Key Words: Allograft; Congenital heart disease; Hypoplastic left heart syndrome; Norwood; Sternum
1. Introduction
Pentalogy of Cantrell was initially described by Cantrell in 1958 [1]. The syndrome consists of (1) a defect in the lower sternum, (2) a supraumbilical abdominal wall defect, (3) a deficiency of the anterior portion of the diaphragm, (4) a deficiency in the diaphragmatic portion of the pericardium, and (5) a congenital heart defect. The cardiac defect most often involves a ventricular septal defect, an atrial septal defect, double outlet right ventricle, tetralogy of fallot, or a left ventricular diverticulum [2]. Most cases are sporadic, although there has been an association with an X-linked inherited mutation [3]. Survival rate for patients with pentalogy of Cantrell is low, with the outcome dependent on the complexity of the cardiac defect.
2. Materials and methods
The patient for presentation is a 2.8-kg black female. She had a known in utero diagnosis of hypoplastic left heart syndrome (HLHS) and an uncharacterized midline abdominal wall defect. At birth, the patient was stabilized on a prostaglandin infusion and electively intubated. Physical examination revealed severe hypoplasia of the distal sternal body and xiphoid. There was an omphalocele with reducible abdominal contents. ECHO evaluation confirmed the diagnosis of HLHS.

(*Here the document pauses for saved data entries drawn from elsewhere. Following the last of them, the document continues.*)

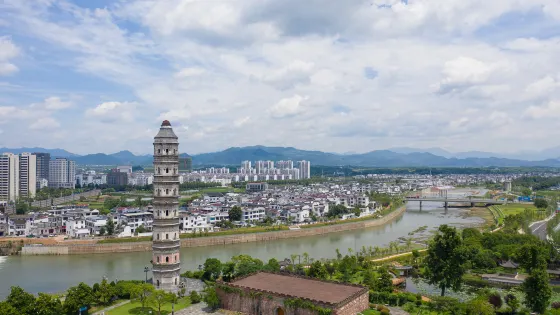 岩寺文峰塔俗稱水口塔,建於明嘉靖23年,高67米,六角七層。此塔為裡人鄭佐(雙溪)所建。他是明代進士,官至貴州右參政。他為建此塔確實費了心,從設計到落成花費15個春秋。僅塔心木一項,就訪遍了全縣諸山。這株高13丈的巨材,從伐倒到運來岩寺,花了整整三年。為鑄造塔頂的葫蘆寶瓶,他參考了南京報恩塔、紹興大禪寺塔以及泗州塔多處圖形。
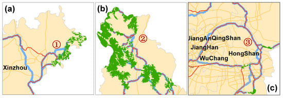 Wuhan, which is in the province of Hubei, is selected as the study area. Located in the middle reaches of the Yangtze River, Wuhan is the capital of Hubei Province and a megacity in central China, as well as an important transportation hub in the central region. The Yangtze River and the Han River meet in Wuhan and divide it into three, forming the towns of Wuchang, Hankou, and Hanyang. Wuhan has a large population and an urbanization rate of 80.2%. According to different development directions and resource distribution, Wuhan is divided into one central district and six suburban districts. The suburbs include Huangpi District, East–West Lake District, Caidian District, Jiangxia District, Hannan District, and Xinzhou District. Due to the implementation of the “Rise of Central China” strategy, Wuhan is experiencing rapid urbanization, which has brought great pressure on the ecological landscape construction in Wuhan.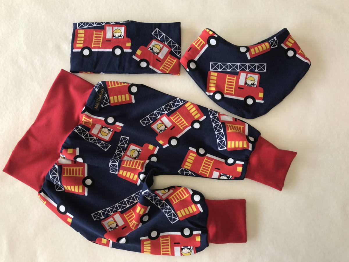 Otroški kompletek je sestavljen iz super mehkih in udobnih hlačk, traku za pokrivanje ušesk vašega malčka in ovratne rutke, ki bo dodala modni videz. Hlačke se zelo dolgo časa nosijo saj rastejo skupaj z otrokom. Rutka zaščiti vrat in zelo priporočamo za uporabo pri povečanem slinjenju ali za zaščito pred vetrom.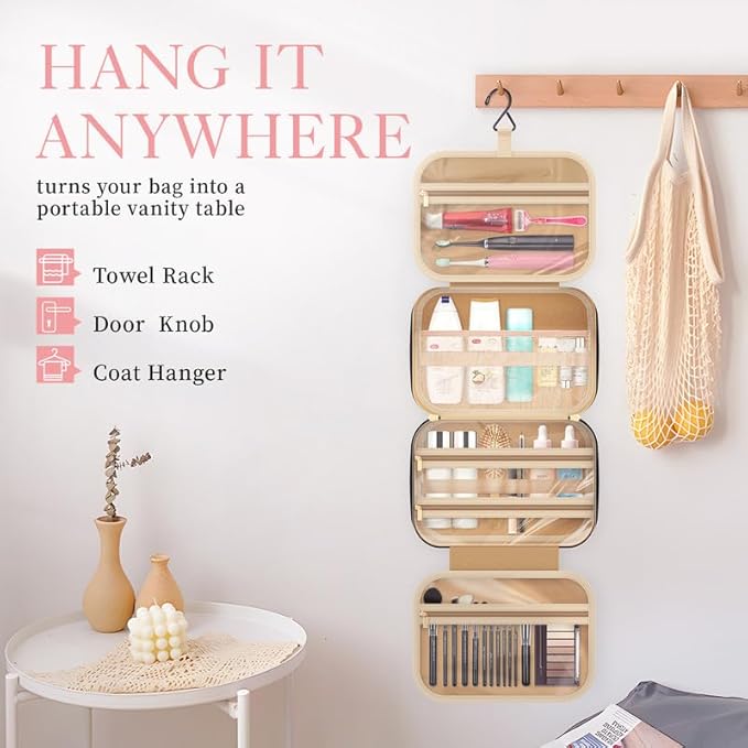 - STURDY HOOK DESIGN: Featuring a premium metal hook, the HOTOR cosmetic travel bag offers the convenience of hanging from a towel rack, coat hook, or any available space. This not only showcases your toiletries and cosmetics for easy accessibility but also saves valuable bathroom counter space. The sturdy metal hook is designed with a retractable feature, allowing it to be neatly stowed away when not in use.

The patient was initially taken to the operating room on the 5th day of life for repair of the abdominal wall defect. During exploration, the ventricular mass was found herniated through a deficiency in the diaphragm (Fig. 1). The omphalocele was repaired primarily, making no attempt at reducing the heart. The infant made an uneventful recovery.

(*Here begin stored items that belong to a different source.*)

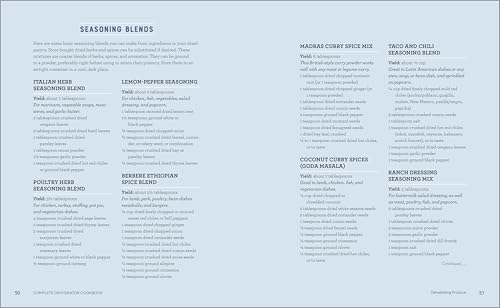 The Complete Dehydrator Cookbook: the definitive guide to deliciously easy meals From sun-dried produce in ancient Egypt to salty air-dried fish aboard Viking ships, dehydration is one of the oldest, most versatile methods of preservation―creating foods that are compact, perfect for traveling, and great for a quick snack or backup meal. The Complete Dehydrator Cookbook is your all-in-one guide to easy, affordable home drying, pairing delicious dehydrated foods with easy-to-navigate guidance to get you drying in no time. Whether you're preserving seasonal crops or making protein-packed camping snacks, this dehydrator cookbook takes you through the ins and outs of dehydrating, storing, and rehydrating a wide variety of foods. The Complete Dehydrator Cookbook is also brimming with 125 simple dehydrator recipes for everything from stews and curries to herbal teas and spice blends to ready-to-eat breads, crackers, and cookies. The Complete Dehydrator Cookbook includes: A to Z drying―Explore the essential equipment you'll need, troubleshooting tips, and detailed directions on how to dehydrate more than 75 different kinds of food, including fruits, vegetables, herbs, nuts, yogurt, tofu, meat, pasta, rice, and more. Dehydrated dishes―Enjoy a variety of deliciously healthy recipes in this dehydrator cookbook, including just-add-water instant meals, and snacks like fruit leathers, chips, and jerky. Low temp, big flavors―Raw foodists will find plenty of low-temp, plant-based foods to make, like Mixed Vegetable Bread, Sweet and Salty Dried Almonds, and Double-Chocolate Biscotti. Whether you're on the go or snacking at home, the portable dishes in this dehydrator cookbook will add some deliciousness to your pantry.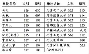 昨天(10日),本市高招一批錄取工作正式開始,17所高校分別確定了在京調(diào)檔線或?qū)嶋H錄取線。其中北京大學的文科調(diào)檔線為626分,超過清華4分;理科調(diào)檔線650分,比清華低6分。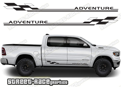 Dodge RAM racing stripes. They are shown on the 4th generation dual cab 1500 Dodge RAM, but they can be made / trimmed fit all earlier versions and facelift variants. The decals do not have any door handle cutouts, wheel arch or door line splits. These will require trimming during fitting. Vinyl will not stick to unpainted textured plastics.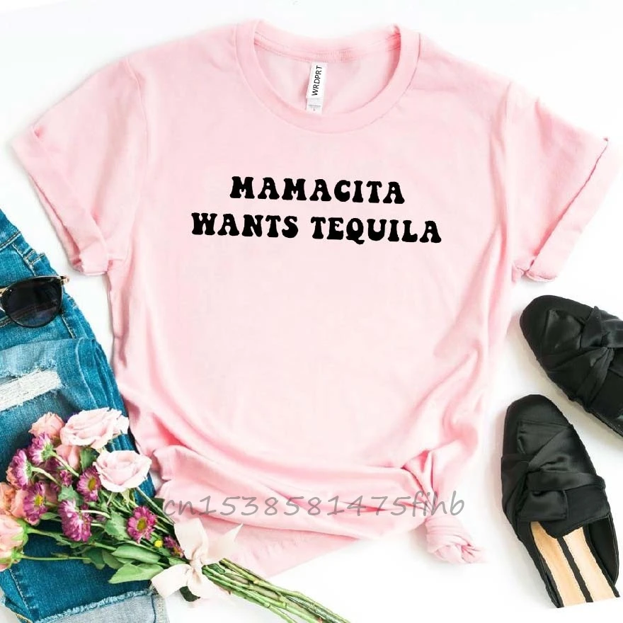Женская футболка Mamacita с рисунком захочет текилу, не выцветает, Премиум Футболка для женщин и девушек, женские футболки, топ с графическим рисунком, футболка на заказ

The infant was taken to the operating room on the 11th day of life and underwent a Mee modification of the Norwood procedure. During initial exploration, a large portion of the right ventricle was found to be herniated through a moderate-sized defect in the diaphragm. The heart was easily reduced without hemodynamic compromise. The infant was weaned from cardiopulmonary bypass without complication. Because of vertical orientation of the right ventricle, the sternum was stented open and covered with a silastic membrane.
3. Results
The post-operative course was uncomplicated. The patient was taken to the operating room four times over the ensuing ten days for wash out and attempted closure of the sternum. Each attempt to reduce the heart into the pericardial cavity was met with severe hemodynamic instability, requiring immediate reopening. Several unsuccessful attempts were made to reconstruct the hypoplastic anterior chest wall. Because of the inability to reduce the heart into the pericardial cavity, a skin allograft (AllodermTM) was used to close the defect. Over the next 2 and half months, the patient was periodically taken to the operating room for reduction of the skin patch (Fig. 2). Approximately 1 cm was taken from the skin allograft edge at each procedure. Unfortunately, the patient expired from a fungal sepsis three months following the Norwood.
4. Discussion
Pentalogy of Cantrell is a rare anomaly occurring in approximately five in one million live births [4]. Because the heart was covered by only skin, without bony protection, this individual is not a true ectopia cordis. The anomaly consists of a constellation of defects that partially result from a failure of the midline mesodermal components to mature. The thoracoabdominal variant general results in varying degrees of herniation of the ventricular mass into the abdominal cavity. The association of HLHS with pentalogy of Cantrell and ventricular herniation has not to our knowledge been reported.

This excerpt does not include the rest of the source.